A scene from the opening number of Adieu, at Durban’s Rhumbelow Theatre in Umbilo until Sunday.

Stage: Adieu – Rhumbelow Theatre, Cunningham Road, Umbilo

THE swansong production for Durban’s Family Players comedy drag lip-sync group, now a quartet after having had a number of members flow through its ranks over the past three decades or so, Adieu is a tinselly hodge-podge of a show that attracted a good-size, appreciative audience on opening night tonight (May 24).

Scheduled for final performances at 8pm on Saturday and 2pm on Sunday (May 25 and 26), the show offers something old, something new, something borrowed and something blue as the ‘boys’ go through their paces in heels, frocks, wigs and makeup for one last season.

Adieu, while largely a collection of varied songs, mostly amusing and lip-synced by the seasoned Derek Pearce, Allan Quihampton, Greg Baptie and Roland Stansell, also features two guest vocalists to allow for costume changes.

One is blonde Belinda Dolphin, who dresses in various outfits and wigs to depict famous male singers in the first half – Jeremy Taylor (Ag Pleez Daddy), Rod Stewart (Forever Young), Elton John (Crocodile Rock) and Freddie Mercury (My Best Friend ) – then sings songs associated with women in the second half.

The other guest is seasoned Durban panto dame Anthony Stonier, who mostly acts as (a seemingly very nervous) compere for the show then, towards the finale, does a very good job of singing I Am What I Am and The Best of Times.

Belinda Dolphin in Adieu.

It’s the drag artists, however, that shine the brightest with their very mixed bag of fun and silly, naughty and nice, numbers, the laughs sparked as much by clever lip-syncs and choice of numbers as botched choreography and fluffed lyrics. It’s that sort of go-with-the-flow show.

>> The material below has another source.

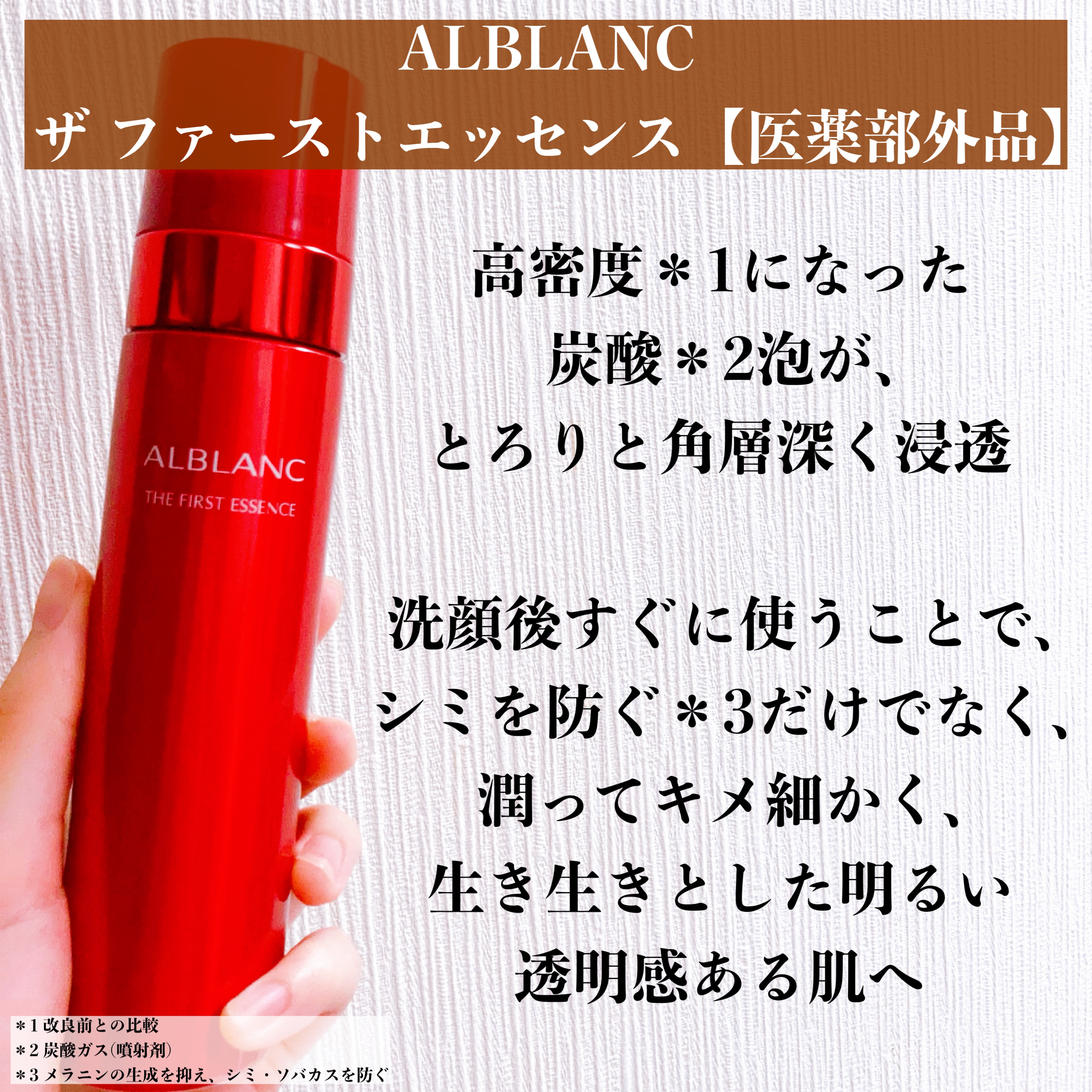 - 【医薬部外品】 潤いを巡らせる高密度*2な炭酸泡*1の美容液 より高密度*2な炭酸*1泡が角層の奥深く浸透し、うるおいが駆け巡り、光溢れる透明感を生み出す。この新たな美しさをあなたへ。 ・潤ってキメを整え明るい透明感へ:日本で唯一*3ALBLANCに配合センレンシエキス(保湿) *3 日本で唯一薬用化粧品にALBLANCが配合(22年12月時点) ・シミ・ソバカスを防ぐ*4:有効成分カモミラET配合 ・ブランケア成分Ⅱ(保湿)配合 *1 炭酸ガス(噴射剤) *2 改良前薬用ファーストエッセンスとの比較 *4 メラニンの生成を抑え、シミ・ソバカスを防ぐ

The feathery opening is a visual delight, some wobbly choreography notwithstanding, and sequences devoted to songs from the musical Nunsense are a hoot. Also worth special mention are Pearce’s unexpectedly poignant interpretation of Liza Minnelli’s What Makes a Man, his comical Spanish Rose and a lyrically reworked Ladies Who Lunch, made more funny on opening night with a misbehaving microphone.

Also standout moments are Quihampton’s Texan divorcee wailing through a Kacey Jones song, I’m Not Bitter, in which she wields a voodoo doll while she discusses her ex having bedded the babysitter; while Quihampton’s raunchy, lyrically doctored I Will Survive also draws much mirth.

Baptie’s finest moment is his delivery of Proud Mary, while tottering on huge stiletto heels, and in duet with Quihampton for the fun Aah Ma.

Stansell, seemingly always befuddled on stage and a bit of a scene-stealer for it, wins his loudest applause dressed as a slobbering tease in animal print and wild mane for a lip-sync of April Stevens’s Teach Me Tiger, that has him mingling with the audience. He does a similar routine with Della Reese’s Three  o’clock in the Morning and is also fun balancing a tuitti frutti turban on his head for Ai Ai Ai Ai Ai.

Adieu is a fun final bow for these cheerful old troupers who have tirelessly worked for fundraising for the aged and other charities. Kudos to them for that – and thanks for the memories.

Tickets cost R150 a head and booking is at Computicket or by phoning 082 499 8636.

A bit of ‘nunsense’ in Adieu, starring (from left) Roland Stansell, Derek Pearce,  Greg Baptie and Allan Quihampton.
Allan Quihampton, Roland Stansell and Derek Pearce of The Family Players.